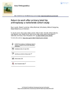 Kivimaki_Return to work after primary total hip arthroplasty. A nationwide cohort study_Proof.pdf - Published Version Download (647kB) | Preview |
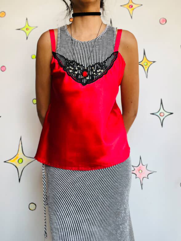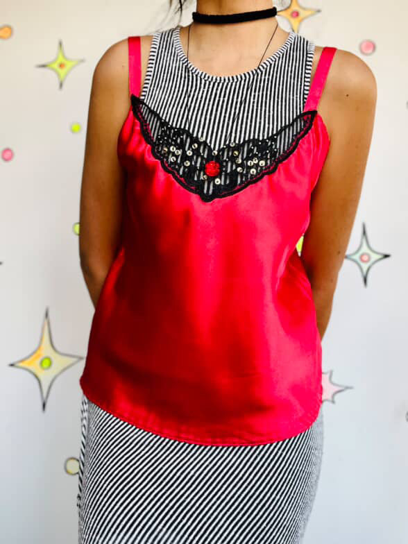Vintage 90s Vampire Red & Black Lace Silky Cami Top ' Embellished Lingerie ' Fairy Goth Grunge ' M
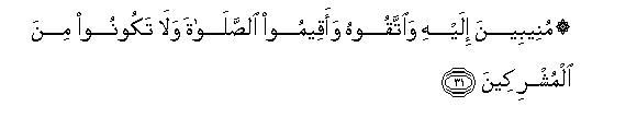 31. Muneebeena ilayhi waittaqoohu waaqeemoo alssalata wala takoonoo mina almushrikeena
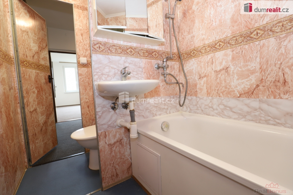 , Dumrealit.cz Vám zprostředkuje koupi pěkného udržovaného bytu 2+1/L/S ve třetím patře panelového domu v Hroznětíně u Karlových Varů. Celková rozloha bytu činí 64 m a nabízí oficiálně dispozici 2+1 s pěknou lodžií s tím, že kuchyňská linka a jídelní kout jsou nyní prakticky přepaženy čímž vznikla praktická neoficiální dispozice 3+1. K bytu patří dva sklepy, jeden je v osobním vlastnictví a náleží k bytu, druhý sklep je pronajatý za cenu 50,-Kč měsíčně. Bytová jednotka prošla částečnou rekonstrukcí s tím, že jsou zde nová plastová okna, jsou zde nové štuky a pěkné zdi, kuchyňská linka je zánovní. Elektroinstalace v koupelnovém jádře a v kuchyni je již v mědi. Vytápění a ohřev teplé vody je zajištěn skrze vlastní plynovou kotelnu v budově. Do budovy je zaveden plyn. Budova je po revitalizaci včetně zateplené fasády, střechy, jsou nové vstupní dveře a zvonky, také jsou nové stupačky a rozvody vody. Před domem je velké parkoviště, na dohled (130 m vzdušnou čarou) je škola, hřiště, družina, sportoviště. V okolí je veškerá občanská vybavenost, je zde lékař, knihovna, potraviny, pošta. Do 5 minut jízdy autem je Ostrov, kde jsou úřady, supermarkety atd.. 12 minut jízdy jsou Karlovy Vary, které se staly součástí světového kulturního dědictví UNESCO, město je dějištěm každoročního filmového festivalu, je plné parků, výborných restaurací. V Karlových Varech pramení desítky teplých léčivých pramenů, zároveň je město zasazeno v krásné přírodě a není daleko od německých hranic a je vzdáleno hodinu jízdy od okraje Prahy. K bytu je možné dokoupit garáž s elektřinou, která je vzdálena cca 150 m od domu (bližší informace u makléře). Byt je prost jakýchkoli závazků či nároků třetích stran. Cena zahrnuje provizi realitní kanceláře a veškerý právní servis. V případě zájmu Vám doporučíme naše prověřené hypoteční poradce. Ev. číslo: 654683. Energetický štítek: G (20 kWh/m2/rok).
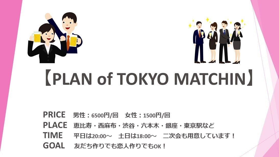 「東京マッチン」は、渋谷、恵比寿、西麻布、六本木、銀座、東京駅などの居酒屋やダイニング、バーなどで毎日開催する、参加者NO.1の今もっともアツい都内最大の飲み会マッチング。婚活パーティーや合コン、街コンとも違う“新しい男女の出会い方”が「東京マッチン」のスタイル。男女が出会いカップル誕生もあり、男性同士、女性同士の友情が芽生えることもあり、仕事で繋がることも!異性だけでなく、同性の友だちもできて、異業種交流もできるのが「東京マッチン」です!
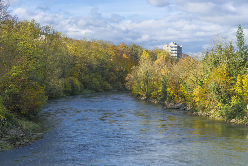 The river even is torrential and fast streaming like a mountain torrent. Limmat comes from the outflow of Lake Zürich.
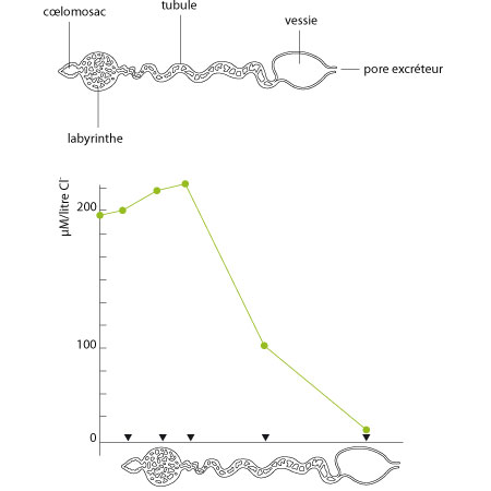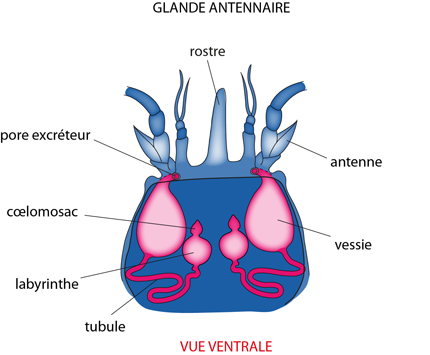 Chaque glande antennaire comprend au bout aveugle un petit sac dérivé du cœlome, le «cœlomosac». Un dispositif d'ultrafiltration somme toute assez comparable à l'ensemble lame basale-podocytes du rein des Mammifères, constitue sa paroi. (Si vous avez oublié de quoi il s'agit, allez revoir votre cours de première candi!). L'urine filtrée se retrouve dans la cavité du cœlomosac, et sera modifiée en passant dans la portion suivante de la glande antennaire: le labyrinthe, puis le tubule. L'urine définitive est stockée dans la vessie et évacuée périodiquement par le pore excréteur.
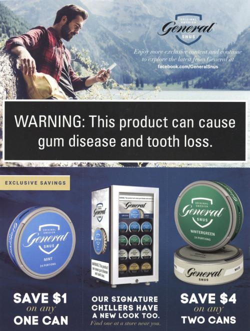 Direct mail from General Snus received in September 2018 that consists of a folded piece including coupons, and a piece shaped like a line of their new can designs, with descriptions of each flavor written on the back. Includes nearby retail locations to purchase their products.

════════════════

Give back an exact reproduction of the entries, with all pictures excluded.

 Kivimaki_Return to work after primary total hip arthroplasty. A nationwide cohort study_Proof.pdf - Published Version Download (647kB) | Preview |
Vintage 90s Vampire Red & Black Lace Silky Cami Top ' Embellished Lingerie ' Fairy Goth Grunge ' M
 31. Muneebeena ilayhi waittaqoohu waaqeemoo alssalata wala takoonoo mina almushrikeena
 , Dumrealit.cz Vám zprostředkuje koupi pěkného udržovaného bytu 2+1/L/S ve třetím patře panelového domu v Hroznětíně u Karlových Varů. Celková rozloha bytu činí 64 m a nabízí oficiálně dispozici 2+1 s pěknou lodžií s tím, že kuchyňská linka a jídelní kout jsou nyní prakticky přepaženy čímž vznikla praktická neoficiální dispozice 3+1. K bytu patří dva sklepy, jeden je v osobním vlastnictví a náleží k bytu, druhý sklep je pronajatý za cenu 50,-Kč měsíčně. Bytová jednotka prošla částečnou rekonstrukcí s tím, že jsou zde nová plastová okna, jsou zde nové štuky a pěkné zdi, kuchyňská linka je zánovní. Elektroinstalace v koupelnovém jádře a v kuchyni je již v mědi. Vytápění a ohřev teplé vody je zajištěn skrze vlastní plynovou kotelnu v budově. Do budovy je zaveden plyn. Budova je po revitalizaci včetně zateplené fasády, střechy, jsou nové vstupní dveře a zvonky, také jsou nové stupačky a rozvody vody. Před domem je velké parkoviště, na dohled (130 m vzdušnou čarou) je škola, hřiště, družina, sportoviště. V okolí je veškerá občanská vybavenost, je zde lékař, knihovna, potraviny, pošta. Do 5 minut jízdy autem je Ostrov, kde jsou úřady, supermarkety atd.. 12 minut jízdy jsou Karlovy Vary, které se staly součástí světového kulturního dědictví UNESCO, město je dějištěm každoročního filmového festivalu, je plné parků, výborných restaurací. V Karlových Varech pramení desítky teplých léčivých pramenů, zároveň je město zasazeno v krásné přírodě a není daleko od německých hranic a je vzdáleno hodinu jízdy od okraje Prahy. K bytu je možné dokoupit garáž s elektřinou, která je vzdálena cca 150 m od domu (bližší informace u makléře). Byt je prost jakýchkoli závazků či nároků třetích stran. Cena zahrnuje provizi realitní kanceláře a veškerý právní servis. V případě zájmu Vám doporučíme naše prověřené hypoteční poradce. Ev. číslo: 654683. Energetický štítek: G (20 kWh/m2/rok).
 「東京マッチン」は、渋谷、恵比寿、西麻布、六本木、銀座、東京駅などの居酒屋やダイニング、バーなどで毎日開催する、参加者NO.1の今もっともアツい都内最大の飲み会マッチング。婚活パーティーや合コン、街コンとも違う“新しい男女の出会い方”が「東京マッチン」のスタイル。男女が出会いカップル誕生もあり、男性同士、女性同士の友情が芽生えることもあり、仕事で繋がることも!異性だけでなく、同性の友だちもできて、異業種交流もできるのが「東京マッチン」です!
 The river even is torrential and fast streaming like a mountain torrent. Limmat comes from the outflow of Lake Zürich.
 Chaque glande antennaire comprend au bout aveugle un petit sac dérivé du cœlome, le «cœlomosac». Un dispositif d'ultrafiltration somme toute assez comparable à l'ensemble lame basale-podocytes du rein des Mammifères, constitue sa paroi. (Si vous avez oublié de quoi il s'agit, allez revoir votre cours de première candi!). L'urine filtrée se retrouve dans la cavité du cœlomosac, et sera modifiée en passant dans la portion suivante de la glande antennaire: le labyrinthe, puis le tubule. L'urine définitive est stockée dans la vessie et évacuée périodiquement par le pore excréteur.
 Direct mail from General Snus received in September 2018 that consists of a folded piece including coupons, and a piece shaped like a line of their new can designs, with descriptions of each flavor written on the back. Includes nearby retail locations to purchase their products.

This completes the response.